▶ Extracted information:

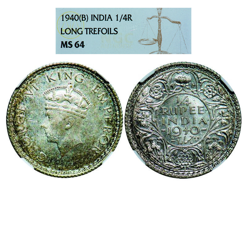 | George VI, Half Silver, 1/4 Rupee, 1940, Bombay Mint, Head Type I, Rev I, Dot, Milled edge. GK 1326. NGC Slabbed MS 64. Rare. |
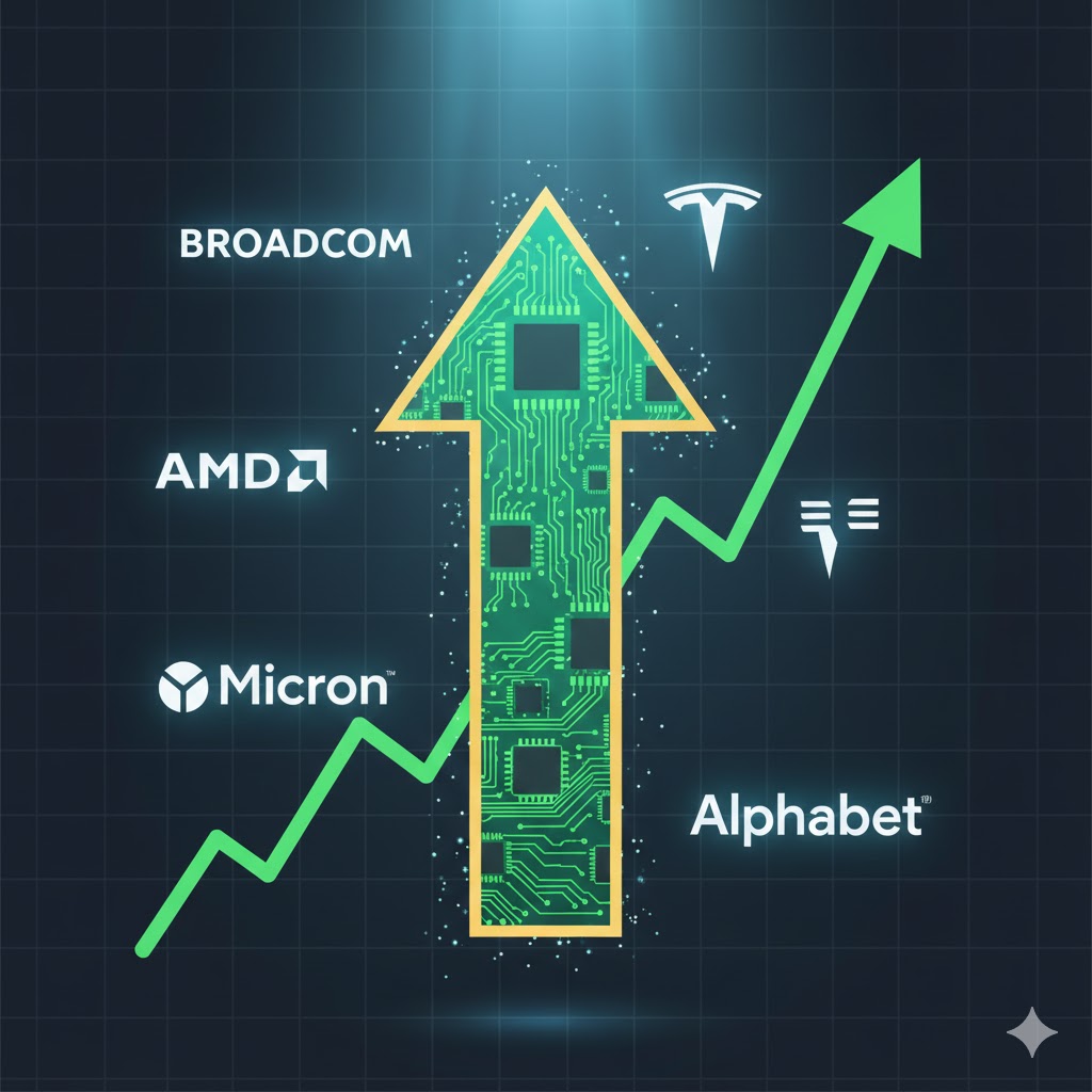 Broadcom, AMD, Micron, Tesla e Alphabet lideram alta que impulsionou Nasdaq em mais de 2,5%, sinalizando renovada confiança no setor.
* * *
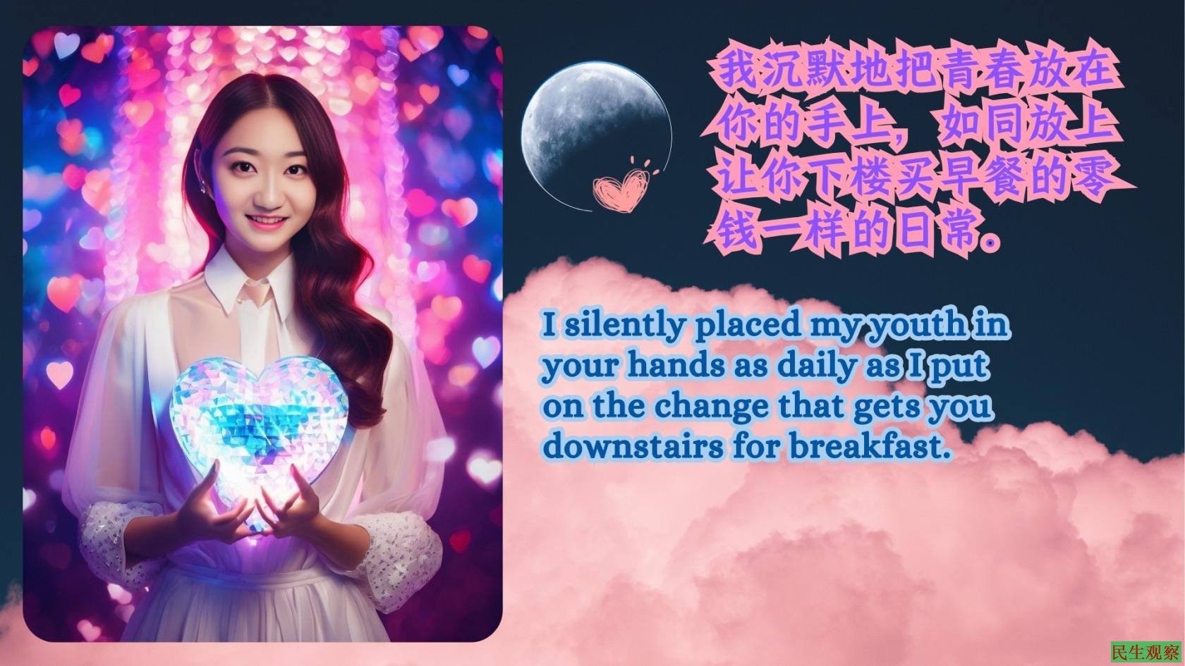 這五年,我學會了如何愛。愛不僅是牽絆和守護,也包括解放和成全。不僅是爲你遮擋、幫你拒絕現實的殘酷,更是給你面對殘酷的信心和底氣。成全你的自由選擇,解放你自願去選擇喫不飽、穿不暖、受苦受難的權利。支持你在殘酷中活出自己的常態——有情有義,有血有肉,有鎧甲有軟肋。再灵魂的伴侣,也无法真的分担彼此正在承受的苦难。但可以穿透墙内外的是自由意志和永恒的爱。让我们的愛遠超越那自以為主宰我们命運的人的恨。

▶ What to do: For the data above, set down exactly the lines from the line with "64. Rare. |" to the line with "Broadcom, AMD, Micron, Tesla", both included, leaving pictures out.

▶ Exercise result:
 | George VI, Half Silver, 1/4 Rupee, 1940, Bombay Mint, Head Type I, Rev I, Dot, Milled edge. GK 1326. NGC Slabbed MS 64. Rare. |
 Broadcom, AMD, Micron, Tesla e Alphabet lideram alta que impulsionou Nasdaq em mais de 2,5%, sinalizando renovada confiança no setor.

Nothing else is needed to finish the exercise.